Exercise requirements:
From the material below, return exactly the lines starting at the one that holds "c Nisbah jumlah" and ending at the one that holds "Einfachfernbedienung zur Herstellung". Pictures stay out of the answer.
*** Task data ***
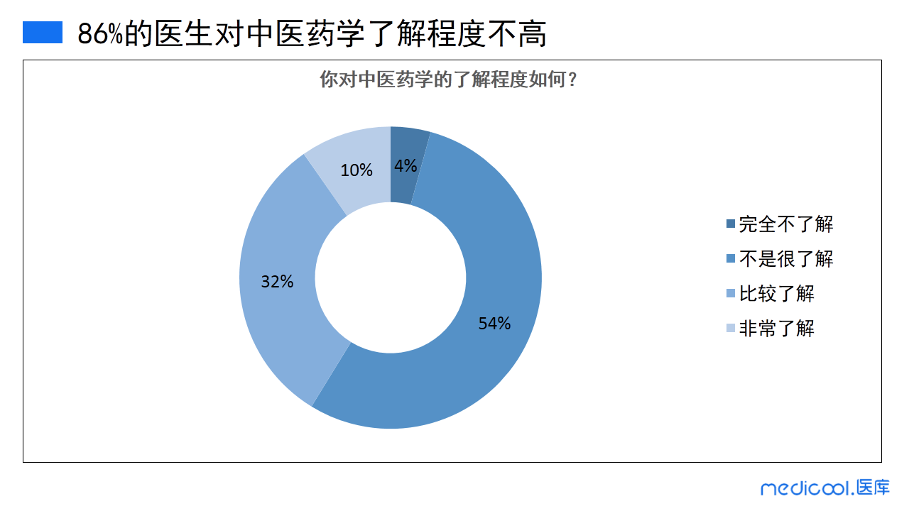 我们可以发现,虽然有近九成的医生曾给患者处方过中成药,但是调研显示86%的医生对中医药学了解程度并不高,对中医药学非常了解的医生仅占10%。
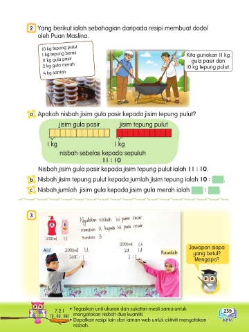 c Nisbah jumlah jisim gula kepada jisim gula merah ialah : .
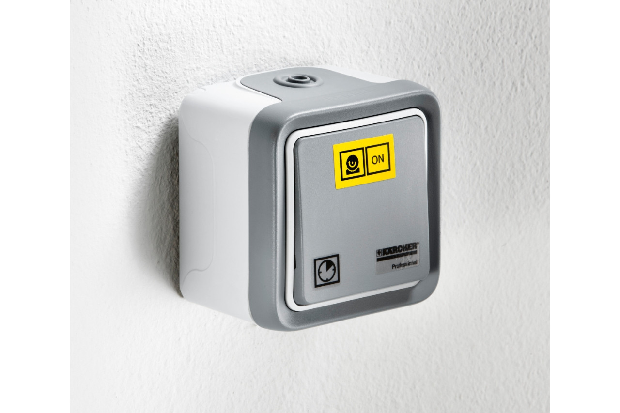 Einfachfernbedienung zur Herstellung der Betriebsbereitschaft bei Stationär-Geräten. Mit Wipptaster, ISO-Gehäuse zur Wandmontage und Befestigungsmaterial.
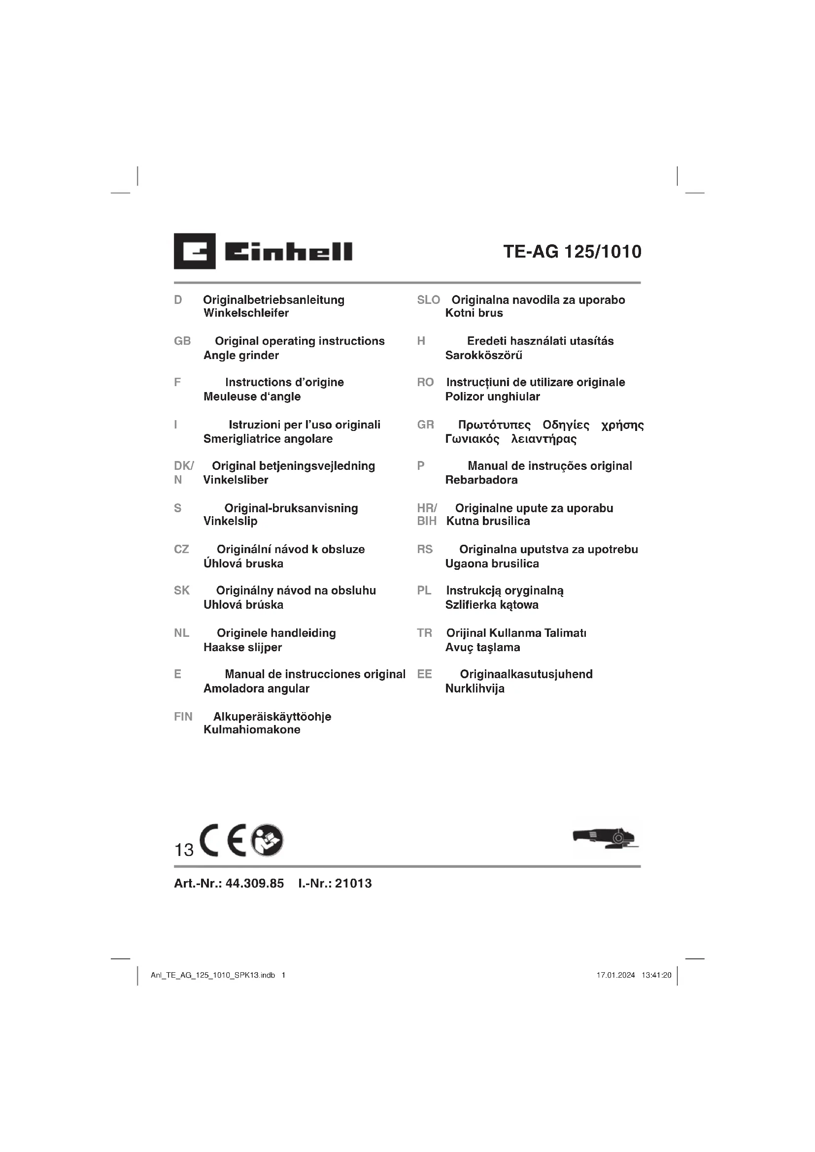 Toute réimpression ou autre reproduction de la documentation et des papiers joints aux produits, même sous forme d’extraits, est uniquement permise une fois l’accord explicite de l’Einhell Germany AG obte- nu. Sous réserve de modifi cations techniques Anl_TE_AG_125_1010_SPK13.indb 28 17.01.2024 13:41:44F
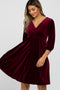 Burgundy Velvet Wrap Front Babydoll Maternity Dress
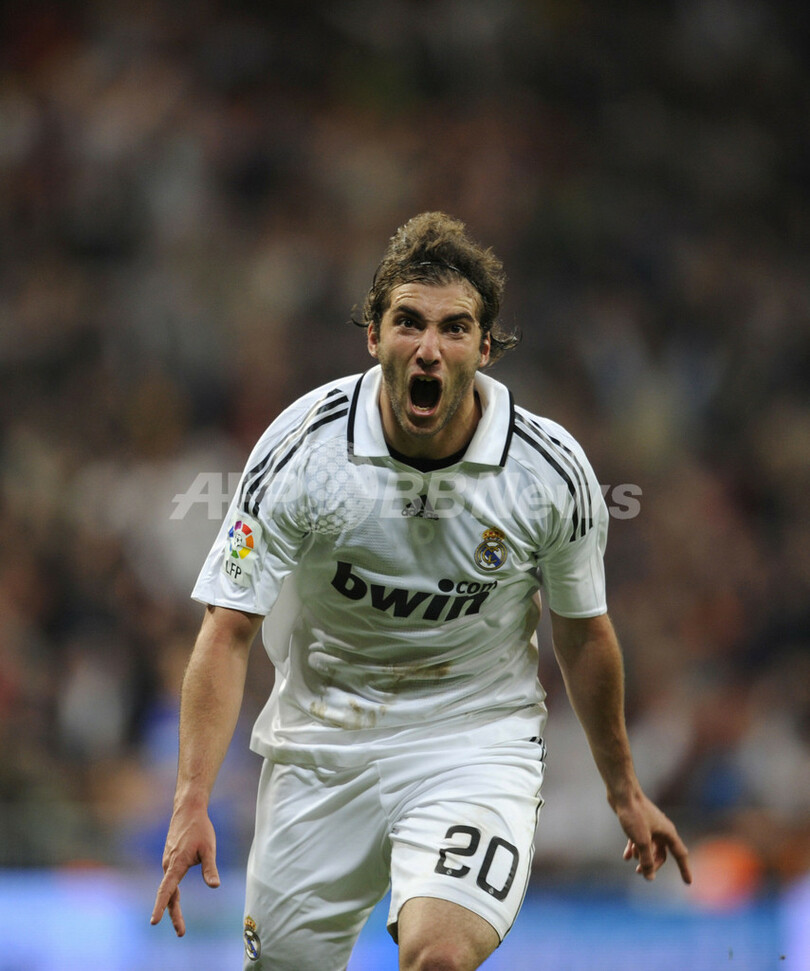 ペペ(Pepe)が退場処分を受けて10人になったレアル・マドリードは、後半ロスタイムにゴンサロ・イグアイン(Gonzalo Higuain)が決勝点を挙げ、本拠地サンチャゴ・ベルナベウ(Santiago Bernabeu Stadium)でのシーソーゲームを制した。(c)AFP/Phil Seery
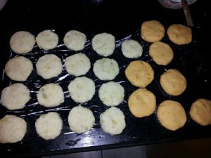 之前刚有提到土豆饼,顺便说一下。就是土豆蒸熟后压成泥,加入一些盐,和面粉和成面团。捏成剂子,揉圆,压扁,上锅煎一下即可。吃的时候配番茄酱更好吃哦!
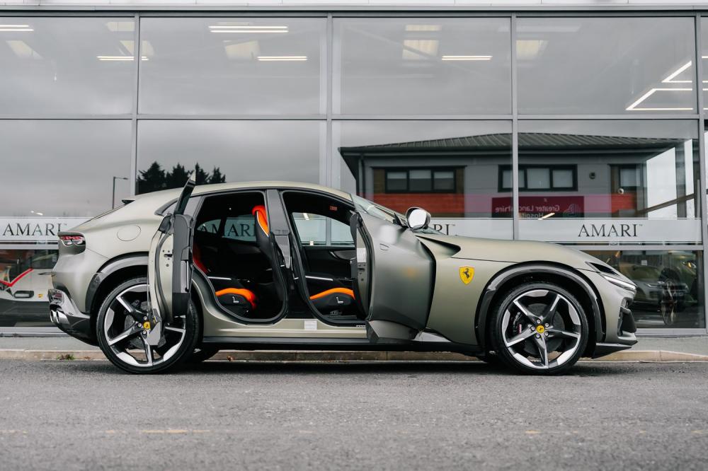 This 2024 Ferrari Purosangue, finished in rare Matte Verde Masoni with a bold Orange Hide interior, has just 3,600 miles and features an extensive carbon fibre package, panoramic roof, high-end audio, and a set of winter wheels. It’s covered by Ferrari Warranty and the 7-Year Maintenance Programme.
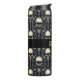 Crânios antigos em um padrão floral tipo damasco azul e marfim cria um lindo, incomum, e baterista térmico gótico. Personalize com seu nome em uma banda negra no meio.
***
*** Task data ***
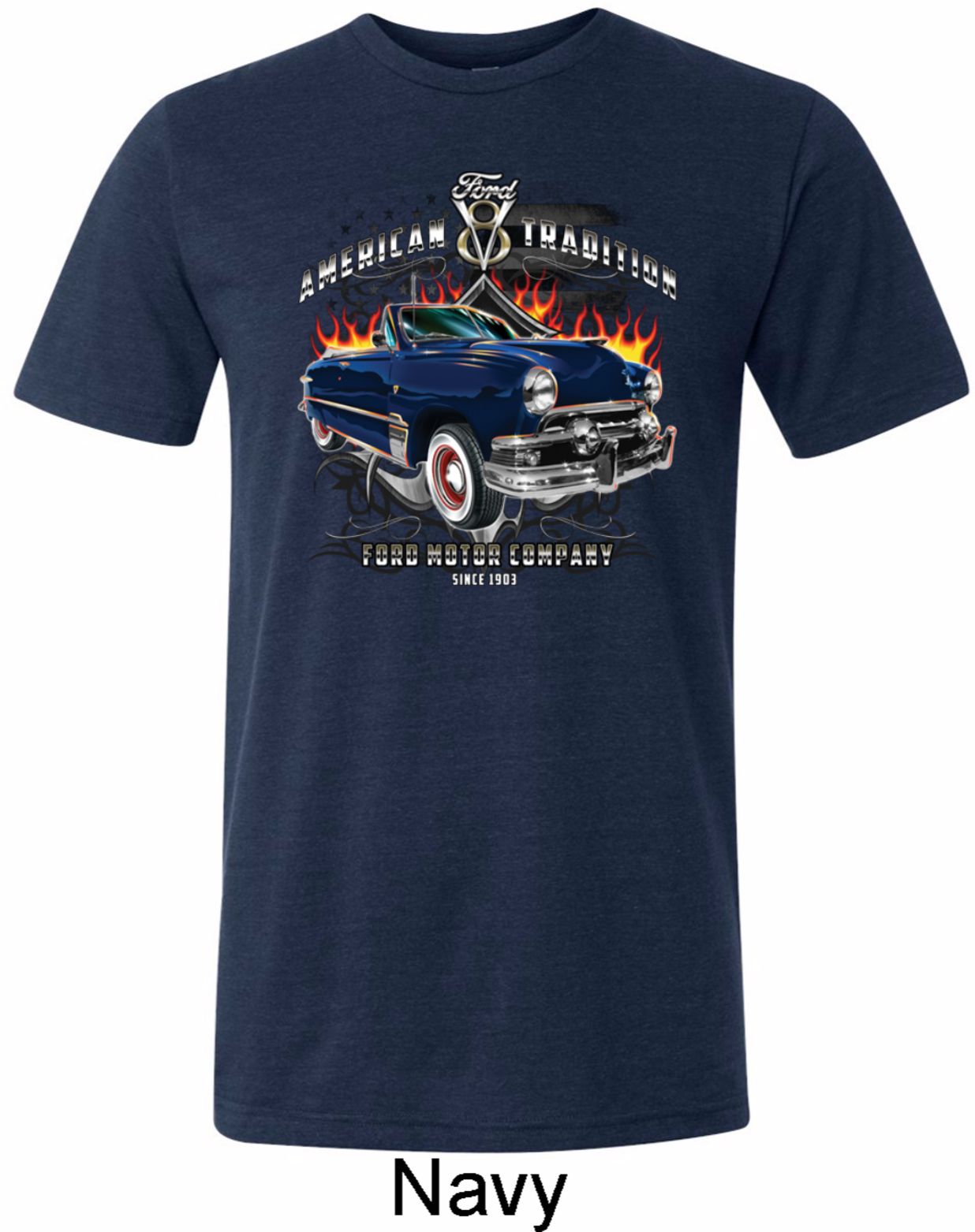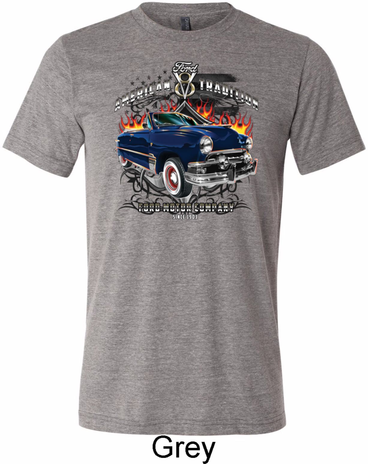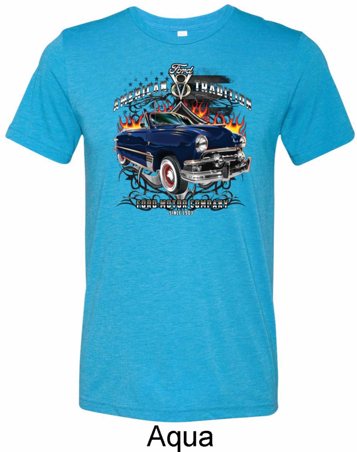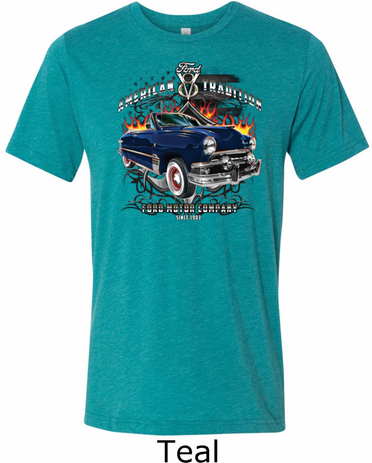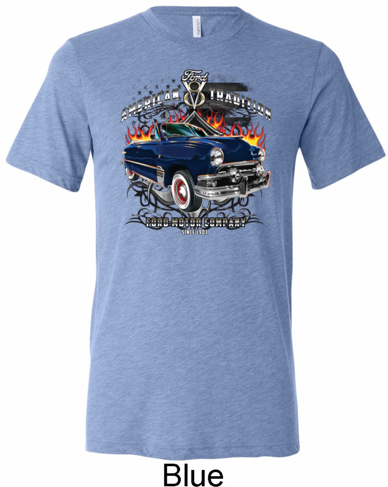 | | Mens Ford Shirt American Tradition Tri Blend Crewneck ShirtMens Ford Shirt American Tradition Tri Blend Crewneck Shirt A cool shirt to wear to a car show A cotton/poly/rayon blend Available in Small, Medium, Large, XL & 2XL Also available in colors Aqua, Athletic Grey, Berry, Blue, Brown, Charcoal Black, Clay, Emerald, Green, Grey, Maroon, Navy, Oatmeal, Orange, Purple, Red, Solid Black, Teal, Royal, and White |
***
*** Task data ***
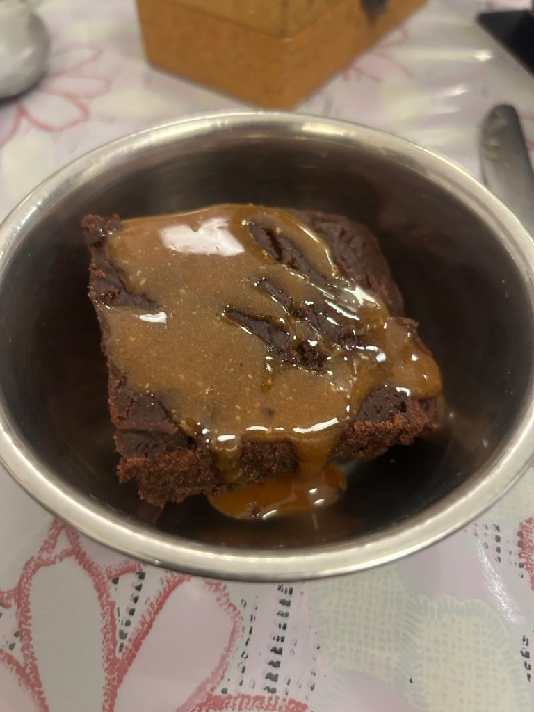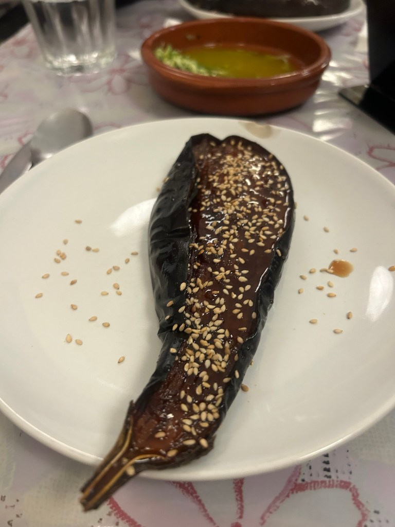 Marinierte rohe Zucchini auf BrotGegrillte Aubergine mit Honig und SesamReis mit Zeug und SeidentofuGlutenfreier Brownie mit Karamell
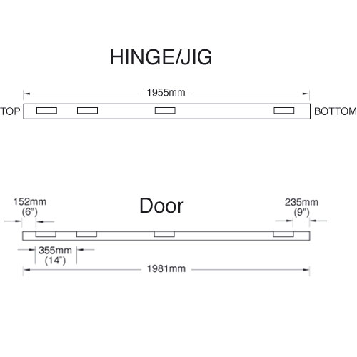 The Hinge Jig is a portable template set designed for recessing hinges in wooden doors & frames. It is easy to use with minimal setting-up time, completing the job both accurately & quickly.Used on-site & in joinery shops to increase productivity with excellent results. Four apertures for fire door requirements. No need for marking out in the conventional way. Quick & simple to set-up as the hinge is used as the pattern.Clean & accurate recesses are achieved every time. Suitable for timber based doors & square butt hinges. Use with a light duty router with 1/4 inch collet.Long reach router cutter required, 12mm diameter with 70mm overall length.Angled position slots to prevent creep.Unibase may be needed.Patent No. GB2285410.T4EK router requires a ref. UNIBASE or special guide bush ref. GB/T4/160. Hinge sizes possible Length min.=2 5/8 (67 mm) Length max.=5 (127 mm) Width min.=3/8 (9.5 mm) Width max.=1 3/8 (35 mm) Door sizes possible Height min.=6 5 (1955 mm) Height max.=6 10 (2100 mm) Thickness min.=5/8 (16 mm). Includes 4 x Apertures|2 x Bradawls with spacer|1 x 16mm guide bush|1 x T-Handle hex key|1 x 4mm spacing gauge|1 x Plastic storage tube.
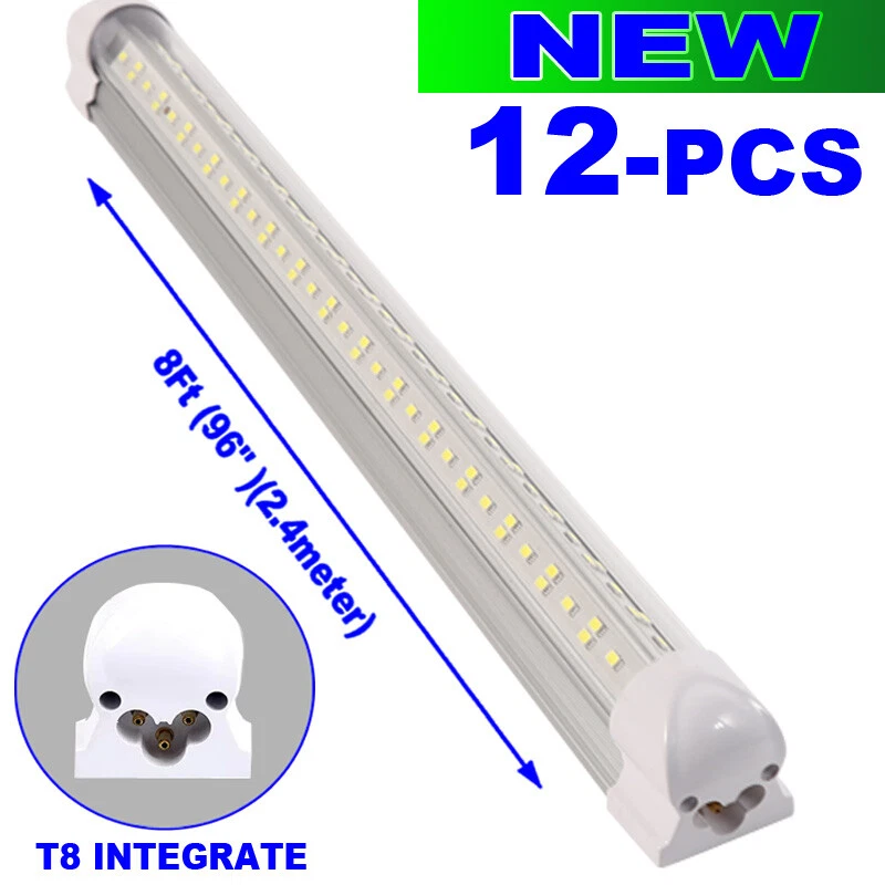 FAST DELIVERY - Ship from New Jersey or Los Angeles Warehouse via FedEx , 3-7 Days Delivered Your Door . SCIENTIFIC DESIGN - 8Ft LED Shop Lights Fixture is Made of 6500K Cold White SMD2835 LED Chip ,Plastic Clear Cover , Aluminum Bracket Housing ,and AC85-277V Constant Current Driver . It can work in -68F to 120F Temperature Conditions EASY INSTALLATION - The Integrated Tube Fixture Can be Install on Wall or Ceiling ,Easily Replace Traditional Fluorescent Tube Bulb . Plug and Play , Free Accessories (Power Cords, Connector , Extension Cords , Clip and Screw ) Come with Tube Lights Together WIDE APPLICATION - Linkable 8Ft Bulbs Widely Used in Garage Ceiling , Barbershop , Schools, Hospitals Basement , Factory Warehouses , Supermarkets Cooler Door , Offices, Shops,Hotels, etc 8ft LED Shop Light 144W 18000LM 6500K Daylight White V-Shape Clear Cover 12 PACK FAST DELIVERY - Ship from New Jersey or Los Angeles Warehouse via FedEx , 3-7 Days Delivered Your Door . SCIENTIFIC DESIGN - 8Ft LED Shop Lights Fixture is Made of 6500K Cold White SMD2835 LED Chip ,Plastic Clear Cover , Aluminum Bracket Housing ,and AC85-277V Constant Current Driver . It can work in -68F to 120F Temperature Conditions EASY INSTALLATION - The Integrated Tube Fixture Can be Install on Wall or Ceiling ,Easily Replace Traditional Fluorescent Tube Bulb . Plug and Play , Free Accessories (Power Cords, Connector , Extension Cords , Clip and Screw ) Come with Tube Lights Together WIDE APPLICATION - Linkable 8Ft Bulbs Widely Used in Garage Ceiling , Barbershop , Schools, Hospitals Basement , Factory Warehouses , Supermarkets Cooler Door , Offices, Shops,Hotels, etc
***
Answer to the exercise:
 c Nisbah jumlah jisim gula kepada jisim gula merah ialah : .
 Einfachfernbedienung zur Herstellung der Betriebsbereitschaft bei Stationär-Geräten. Mit Wipptaster, ISO-Gehäuse zur Wandmontage und Befestigungsmaterial.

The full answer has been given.